Medicinal Chemistry ◽

10.2174/1573406415666190626121650 ◽

2020 ◽

Vol 16 (4) ◽

pp. 531-543

Author(s):

Shaheen Faizi ◽

Tahira Sarfaraz ◽

Saima Sumbul ◽

Almas Jabeen ◽

Sobia A. Halim ◽

...

Keyword(s):

Mannich Reaction ◽

Aromatic Aldehydes ◽

Mannich Bases ◽

Biological Evaluation ◽

Mechanism Of Inhibition ◽

Potent Inhibition ◽

Tnf Α ◽

Elisa Technique ◽

Factor Α ◽

New Compounds

Background: In continuation of our work on Mannich reaction on 8-hydroxyquinoline, fifteen different combinations of aromatic aldehydes and aniline were subjected to Mannich reaction from which twelve products (eight Mannich bases, two imines and two intramolecularly cyclized products with benzofuranone skeleton) were obtained. Among them six compounds (1, 2, 6, 8, 9 and 12) are the new compounds. The structures of the compounds were characterized by UV, IR, MS and 1H NMR. Method: The compounds were tested for the inhibition of pro-inflammatory cytokines tumor necrosis factor-α (TNF-α) and Interleukin-1β (IL-1β) at a concentration of 25 µg/mL. The cytokines were produced by THP-1 cells differentiated with PMA for 24hrs and stimulated with LPS for 4 hrs and supernatant were analyzed through ELISA technique. Results and Discussion: Compounds 1-5, 8 and 9 inhibited the production of TNF-α and IL-1β. Compounds 1, 3, and 8 exerted potent inhibitions of TNF-α with 71%, 71%, and 83% inhibition, respectively.

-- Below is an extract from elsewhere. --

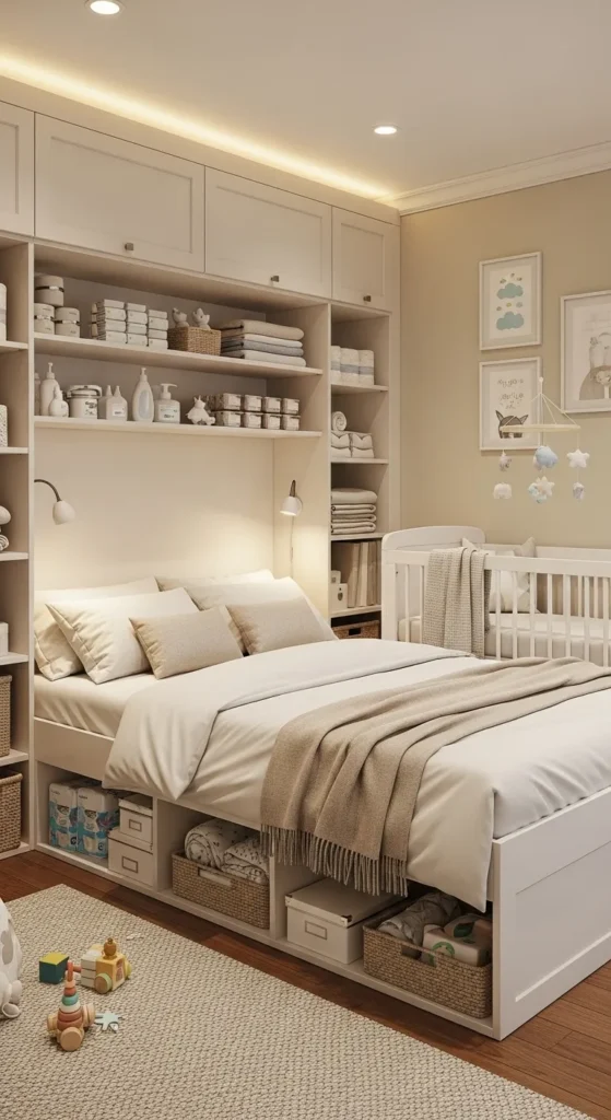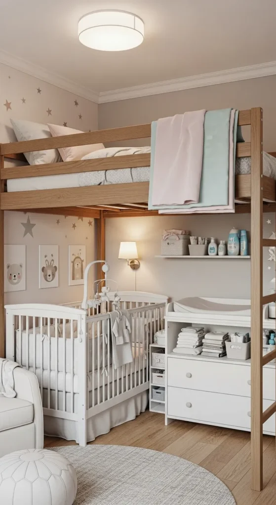 If your nursery has high ceilings, a loft bed is a creative solution. The baby’s crib and storage can be arranged underneath, while mom’s bed is placed on top. It turns one room into a multi-purpose space without feeling overcrowded.

Compounds 1 and 8 significantly inhibited the production of IL-1β with 64% and 78% inhibition, respectively. Conclusion: Compounds 1 and 8 significantly inhibited the production of IL-1β with 64% and 78% inhibition, respectively. Notably compound 8 showed the most potent inhibition of these cytokines. Additionally, the effect of compounds on viability of THP-1 cells was also evaluated. Moreover, molecular docking was carried out to study the mechanism of inhibition of TNF-α production.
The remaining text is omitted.